Welcome to SMF from Gilbert, AZ! Where are you from? I'm thinking of offing my SQ36 offset if you might be interested, tho I'm not in any big hurry. RAY


----------



## cmtd (Jul 4, 2021)

sawhorseray said:


> Welcome to SMF from Gilbert, AZ! Where are you from? I'm thinking of offing my SQ36 offset if you might be interested, tho I'm not in any big hurry. RAY
> View attachment 502568


Thanks for the welcome.  I'm in St. Louis, so distance is a bit far for me.  But I appreciate the reply


----------



## zippy12 (Jul 4, 2021)

Langs are thick steel and built well


----------



## drunkenmeatfist (Jul 4, 2021)

I have a Lang, but I was looking for something else a few months back. After doing plenty of research I had narrowed it down to Workhorse Pits, Lone Star Grillz, and Shirley. Shirley stopped taking orders on their patio model because they were building a new shop so I was looking really hard at the Workhorse Pits. I almost pulled the trigger on their 1969, but I ended up using that money on another hobby. I still want one of those though.


----------



## sawhorseray (Jul 4, 2021)

The 1969 is one fantastic looking piece of equipment! RAY


----------



## BrianGSDTexoma (Jul 4, 2021)

I been trying to talk  myself into that Lang 36" patio.  If it wasn't for the freight cost I would probably do it.


----------



## cmtd (Jul 4, 2021)

drunkenmeatfist said:


> I have a Lang, but I was looking for something else a few months back. After doing plenty of research I had narrowed it down to Workhorse Pits, Lone Star Grillz, and Shirley. Shirley stopped taking orders on their patio model because they were building a new shop so I was looking really hard at the Workhorse Pits. I almost pulled the trigger on their 1969, but I ended up using that money on another hobby. I still want one of those though.


That workhorse looks very nice at first glance.  I'll definitely doo more checking into it


----------



## sawhorseray (Jul 4, 2021)

BrianGSDTexoma said:


> I been trying to talk  myself into that Lang 36" patio.  If it wasn't for the freight cost I would probably do it.



Lone Star Grills is about a six hour drive from you Brian, looks to be pretty good stuff.

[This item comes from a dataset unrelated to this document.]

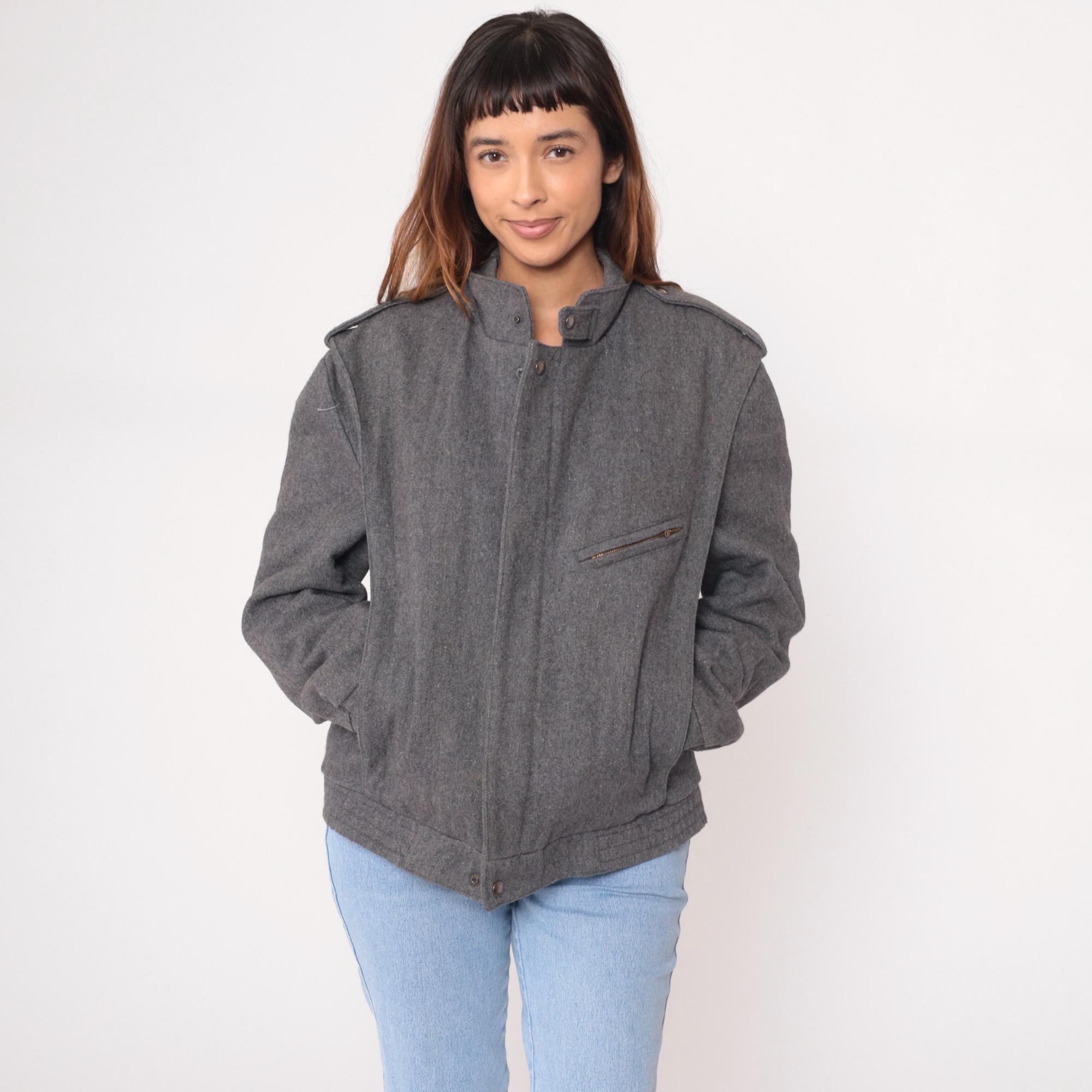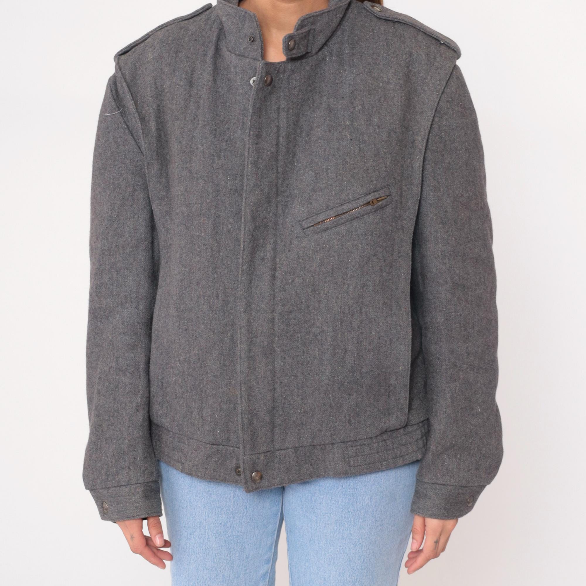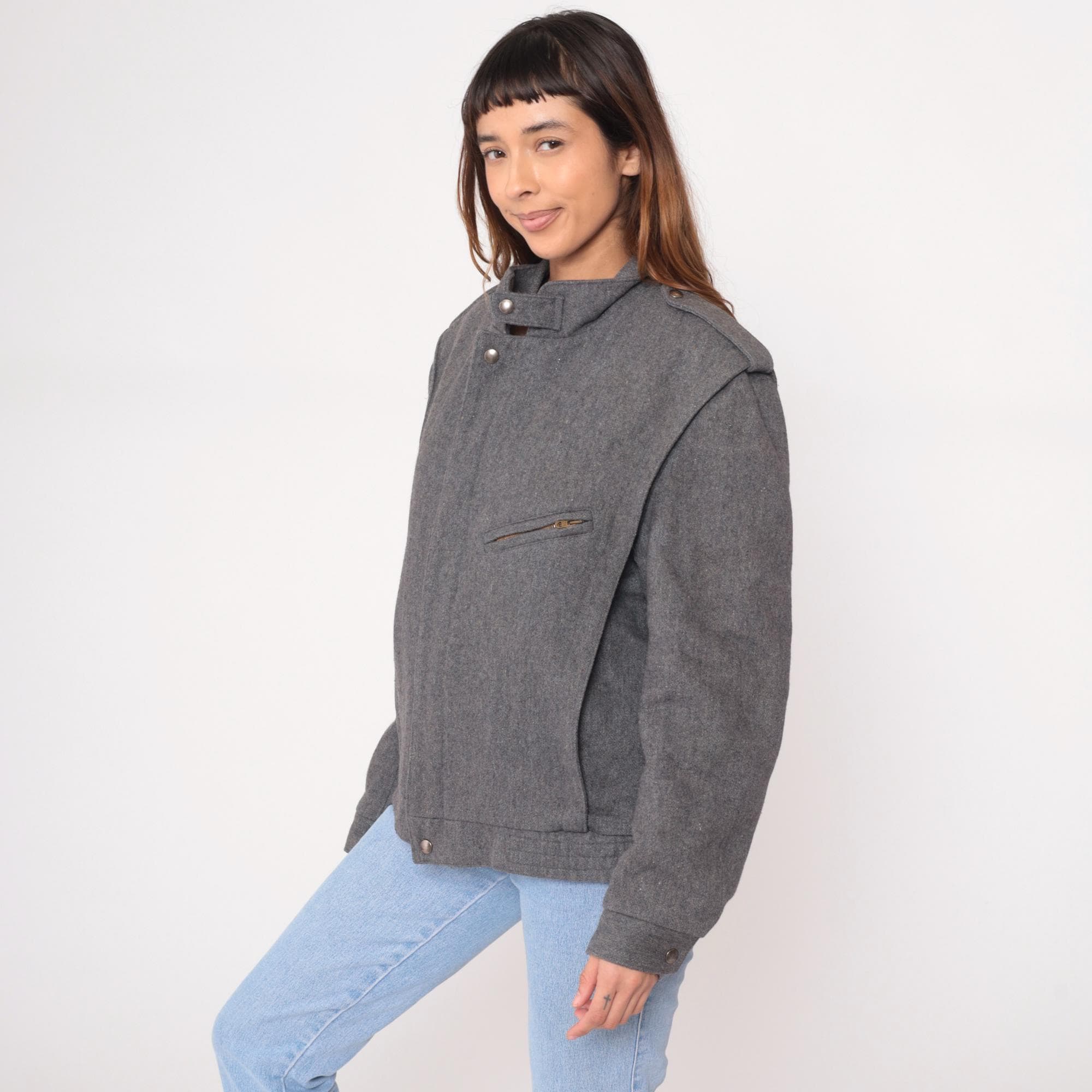 80s gray jacket from Leather Tigre with standing snap collar, front zipper closure concealed by snap button placket, and shoulder epaulettes. Diagonal zippered chest pocket, long sleeves, boxy hip-length cut. Wool outer with quilted lining.

Of course the biggest problem with getting one onto a truck would be getting it off. RAY


----------



## ofelles (Jul 4, 2021)

2nd on the LSG


----------



## Chasdev (Jul 4, 2021)

I can't help with your quest but for $5K you should be able to get one bad ass pit.
As a former stick burner driver and former Kamado driver, I assure you that the smoke profile in the meat will be about ten thousand times better with a stick burner.
Just be sure to measure the internal moisture content of the wood you buy, focus on 15% moisture and you will be all smiles.


----------



## civilsmoker (Jul 4, 2021)

Welcome and even though Shirley isn’t doing custom orders they are cranking out stock models.....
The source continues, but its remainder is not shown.